Thank you, it is to late , I am typing from home. I will recompile agian tomorrow.
Anyway it died again, i did bt : is this more heplfull ? Seems like it died at same place…Image checksum

2015-03-05 19:14:03: Client hash=IFvx8Fw+IP1K1yq/e00JWoxtroD3PX//KSZ0KgfLnr0= Server hash=RYCDEnsfXsPQdqkaI12LOPVTqJ8BeY+03zVRAtAUkFs= hblock=62080
2015-03-05 19:14:03: WARNING: Checksum for image block wrong. Retrying…

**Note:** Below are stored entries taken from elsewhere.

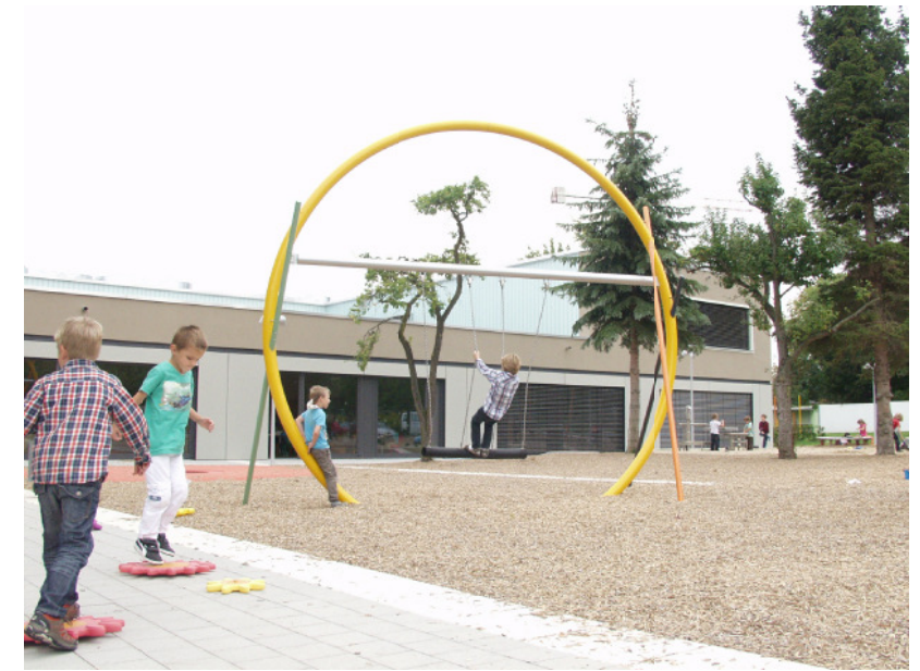
Rohrbogen und Mikadostangen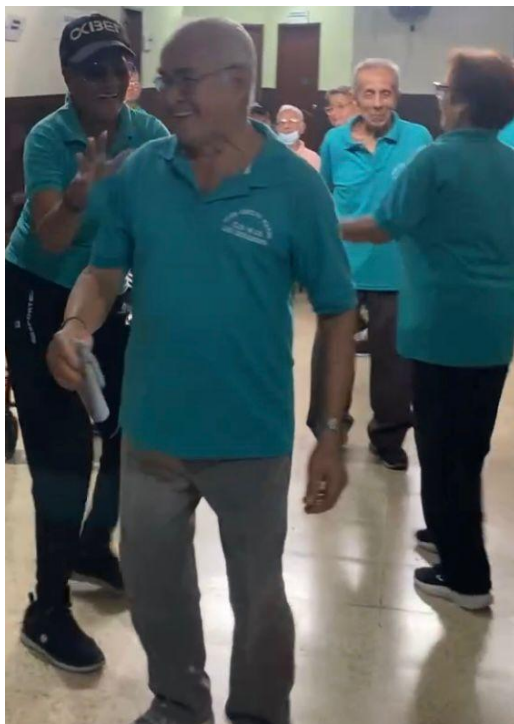
Ilustración 8: Interacción social entre los adultos mayores en la primera sesión de bailoterapia.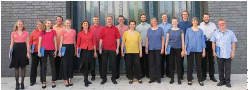
Spring's Singers vor Willehadifenster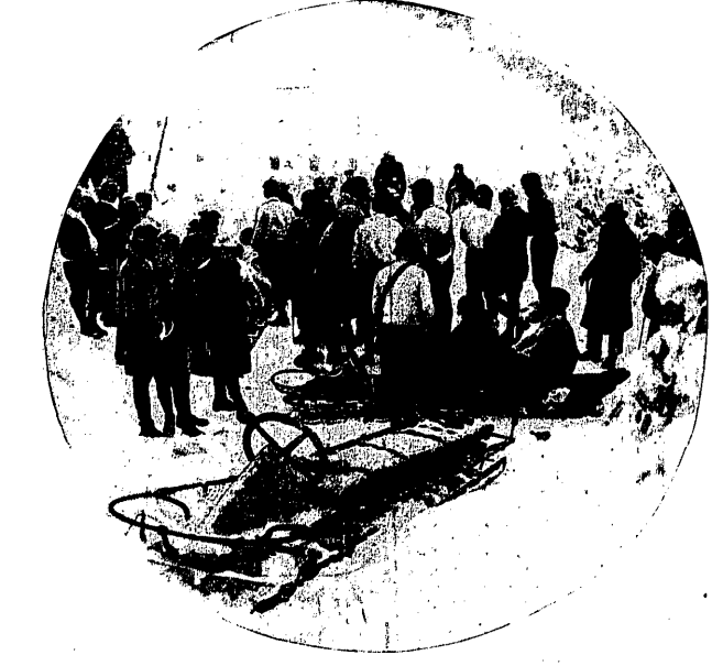
NA STARCIU BOBSLEJÓW Biorących udział w zawodach, rojno i gwarno. Jak wskazują kaski na głowach sportowców, przejazdka taka wymaga odwagi.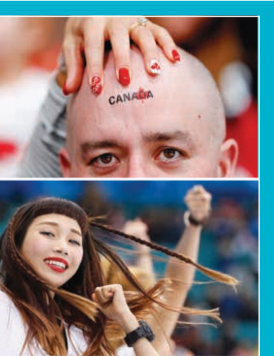
من فنون التشجيع في الأولمبياد الشتوي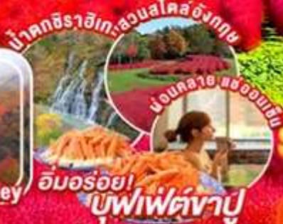
อ้อมรอย! บู่ฟิฟัตซาปู

ไฮไลท์!! ชมทุ่งโคเคียว 32,000 ต้น และ สวนสโคโนงทฤษฎ ณ ยูนิการ์เด็น ข้าววว!! ชมใบไม้เปลี่ยนสี ที่โจซังเคออนเซ็น (โจซังเคออนเซ็น) หุบเขาใบไม้เปลี่ยนสี สถานที่สุดแสนโรแมนติก โซออนเคียว นั่งกระเช้าไฟฟ้าคโรคาเกะ ชมอุทยานแห่งชาติที่ใหญ่ 1 ใน 3 ของประเทศญี่ปุ่น ชม สระอะโอะอิเคะ (Aoiike) หรือที่เรารู้จักกันอีกชื่อหนึ่งว่า " สระน้ำสีฟ้า (Blue Pond) "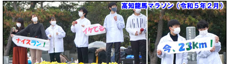
高知龍馬マラソン（令和5年2月）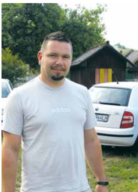
Obec získala osobné autá

Program received signal SIGSEGV, Segmentation fault.
[Switching to Thread 0xb5de6b70 (LWP 26946)]
0x009c6502 in BackupServerGet::doImage(std::basic_string<char, std::char_traits, std::allocator > const&, std::basic_string<wchar_t, std::char_traits<wchar_t>, std::allocator<wchar_t> > const&, int, int, bool, std::basic_string<char, std::char_traits, std::allocator >) () from /usr/lib/liburbackupserver.so
Missing separate debuginfos, use: debuginfo-install urbackup-server-1.4.7-11.1.i686
(gdb) run
The program being debugged has been started already.
Start it from the beginning? (y or n) n
Program not restarted.
(gdb) bt

0 0x009c6502 in BackupServerGet::doImage(std::basic_string<char, std::char_traits, std::allocator > const&, std::basic_string<wchar_t, std::char_traits<wchar_t>, std::allocator<wchar_t> > const&, int, int, bool, std::basic_string<char, std::char_traits, std::allocator >) () from /usr/lib/liburbackupserver.so
1 0x009b0aa0 in BackupServerGet::operator()() () from /usr/lib/liburbackupserver.so
2 0x0809043f in CPoolThread::operator() (this=0xb7d256d0) at ThreadPool.cpp:41
3 0x08059750 in thread_helper_f (t=0xb7d256d0) at Server.cpp:1312
4 0x0026fb39 in start_thread () from /lib/libpthread.so.0
5 0x00366c2e in clone () from /lib/libc.so.6

/home/urbackup-server-1.4.7/Server.cpp:1331: undefined reference to pthread_attr_setstacksize' /home/urbackup-server-1.4.7/Server.cpp:1335: undefined reference to pthread_create’
/home/urbackup-server-1.4.7/Server.cpp:1336: undefined reference to pthread_detach' Mutex_lin.o: In function CMutex::TryLock()’:
/home/urbackup-server-1.4.7/Mutex_lin.cpp:72: undefined reference to pthread_mutex_trylock' Mutex_lin.o: In function CMutex’:
/home/urbackup-server-1.4.7/Mutex_lin.cpp:28: undefined reference to pthread_mutexattr_init' /home/urbackup-server-1.4.7/Mutex_lin.cpp:33: undefined reference to pthread_mutexattr_settype’
/home/urbackup-server-1.4.7/Mutex_lin.cpp:43: undefined reference to pthread_mutexattr_destroy' sqlite3.o: In function pthreadMutexTry’:
/home/urbackup-server-1.4.7/sqlite/sqlite3.c:18355: undefined reference to pthread_mutex_trylock' sqlite3.o: In function pthreadMutexAlloc’:
/home/urbackup-server-1.4.7/sqlite/sqlite3.c:18223: undefined reference to pthread_mutexattr_init' /home/urbackup-server-1.4.7/sqlite/sqlite3.c:18224: undefined reference to pthread_mutexattr_settype’
/home/urbackup-server-1.4.7/sqlite/sqlite3.c:18226: undefined reference to pthread_mutexattr_destroy' collect2: ld returned 1 exit status make[2]: *** [urbackup_srv] Error 1 make[2]: Leaving directory /home/urbackup-server-1.4.7’
make[1]: *** [all-recursive] Error 1
make[1]: Leaving directory `/home/urbackup-server-1.4.7’
make: *** [all] Error 2

Any ideas what could I do now ? ( CentOS 6…)

I think I may have fixed the issue with 1.4.8.